Тем не менее, несмотря на еже­днев­ные выезды и массу денег, потра­чен­ных на покупку наря­дов, о жени­хах для сестры было не слышно.

– И куда они запро­па­сти­лись! – роп­тала матушка. – Вот гово­рили: в Москве женихи! женихи в Москве! а на поверку выхо­дит пшик – только и всего.

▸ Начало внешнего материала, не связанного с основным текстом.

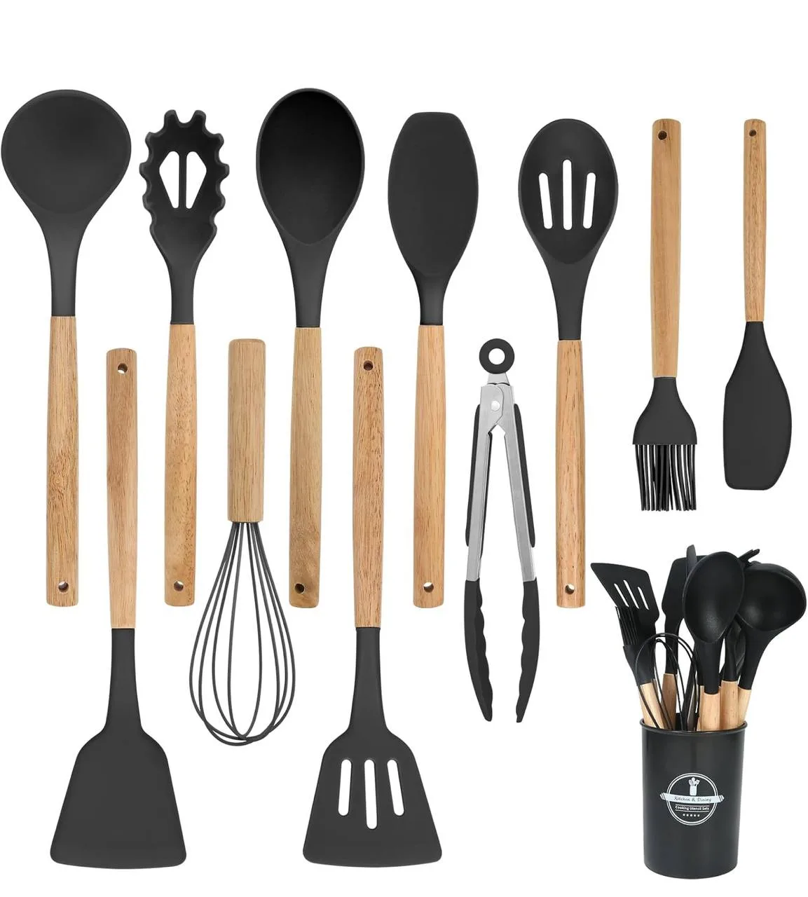סט 12 כלי מטבח מסיליקון וידיות עץ

Целую про­рву день­жищ зря раз­бро­сали, лоша­дей, ездивши по мага­зи­нам, изму­чили, и хоть бы те один!

Матушка, впро­чем, уже дога­ды­ва­лась, что в Москве не путем выез­дов добы­ва­ются женихи и что суще­ствуют дру­гие дороги, не столь бле­стя­щие, но более вер­ные. В ско­ром вре­мени она и при­бегла к этим путям, но с этим пред­ме­том я пред­по­чи­таю подроб­нее позна­ко­мить чита­теля в сле­ду­ю­щей главе.

Матушка зва­ных вече­ров не давала, ссы­ла­ясь на тес­ноту поме­ще­ния. Да и дей­стви­тельно было бы странно видеть тан­цу­ю­щие пары в мини­а­тюр­ной квар­тирке, в кото­рой и «свои» едва раз­ме­ща­лись. Впро­чем, одна­жды она рас­щед­ри­лась и дала, как гово­рится, пир на весь мир. В эту зиму нам слу­чайно попа­лась квар­тира с довольно про­стор­ной залой, и дядя вос­поль­зо­вался этим, чтобы уго­во­рить матушку пове­се­лить дочь. Зате­яли бал. Мебель ссу­дил дядя из своей квар­тиры, посуду напро­кат взяли, позвали кух­ми­стера Гари­хму­сова, наку­пили кон­фект, фрук­тов и разо­слали при­гла­ше­ния. Бал вышел на славу. При­е­хало целых четыре штат­ских гене­рала, кото­рых и уса­дили вме­сте за карты (гово­рили, что они так вчет­ве­ром и ездили по домам на балы); дядя при­гла­сил целую кучу моло­дых людей; между тан­цу­ю­щими мельк­нули даже два гвар­дейца, о кото­рых матушка так-таки и не допы­та­лась узнать, кто они таковы. Весе­ли­лись до пяти часов утра, и потом долго-долго вспо­ми­нали об этом бале, при­уро­чи­вая к нему раз­ные семей­ные события.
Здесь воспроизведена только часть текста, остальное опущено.